For this problem, you will write a program that reads in a sequence of 32-bit signed integers. After each odd-indexed value is read, output the median (middle value) of the elements received so far.

Input

The first line of input contains a single integer P, (1 ≤ P ≤ 1000), which is the number of data sets that follow. The first line of each data set contains the data set number, followed by a space, followed by an odd decimal integer M, (1 ≤ M ≤ 9999), giving the total number of signed integers to be processed. The remaining line(s) in the dataset consists of the values, 10 per line, separated by a single space. The last line in the dataset may contain less than 10 values.

Output

For each data set the first line of output contains the data set number, a single space and the number of medians output (which should be one-half the number of input values plus one). The output medians will be on the following lines, 10 per line separated by a single space. The last line may have less than 10 elements, but at least 1 element.

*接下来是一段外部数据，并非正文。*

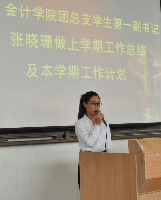 会上,团总支学生会第一副书记张晓珊总结了团总支学生会上一学期的工作,并提出了自己对团总支学生会的工作建议。希望各部门人员能够互相合作,协同一致,促进团学工作的有效开展,为会计学院争得更多荣誉,为团学培养出更多的坚实力量。

There should be no blank lines in the output.

Sample Input

3 
1 9 
1 2 3 4 5 6 7 8 9 
2 9 
9 8 7 6 5 4 3 2 1 
3 23 
23 41 13 22 -3 24 -31 -11 -8 -7 
3 5 103 211 -311 -45 -67 -73 -81 -99 
-33 24 56

Sample Output

1 5
1 2 3 4 5
2 5
9 8 7 6 5
3 12
23 23 22 22 13 3 5 5 3 -3 
-7 -3

Source

Greater New York Regional 2009
 
要动态的求中位数,可以维护两个堆,一个大顶堆和一个小顶堆,各自装一半的元素,那么中位数就可以在堆顶找到,因为只有在index为奇数的时候才查询中位数,此时一共有奇数个数,所以一个堆比另一个堆多一个数,这个可以自选,如果选择大顶堆多一个数,那么它的堆顶就是中位数,反之是小顶堆,小顶堆里的元素都不小于它的堆顶元素,大顶堆里的元素都不大于它的堆顶,小顶堆里的元素大于等于大顶堆里的任何一个元素。
 
代码:
#include <iostream>
#include <cstdio>
#include <queue>

using namespace std;

int main() {
    int p,sn,m,d;
    scanf("%d",&p);
    while(p --) {
        priority_queue<int,vector<int>,less<int> > qg;
        priority_queue<int,vector<int>,greater<int> > ql;
        scanf("%d%d",&sn,&m);
        printf("%d %d\n",sn,(m + 1) / 2);
        for(int i = 1;i <= m;i ++) {
            scanf("%d",&d);
            if(qg.empty() || d < qg.top()) qg.push(d);
            else ql.push(d);
            while(ql.size() > qg.size()) {
                qg.push(ql.top()); ql.pop();
            }
            while(qg.size() > ql.size() + 1) {
                ql.push(qg.top()); qg.pop();
            }
            if(i % 2) {
                printf("%d",qg.top());
                if((i + 1) % 20 == 0 || i == m) putchar('\n');
                else putchar(' ');
            }
        }
    }
}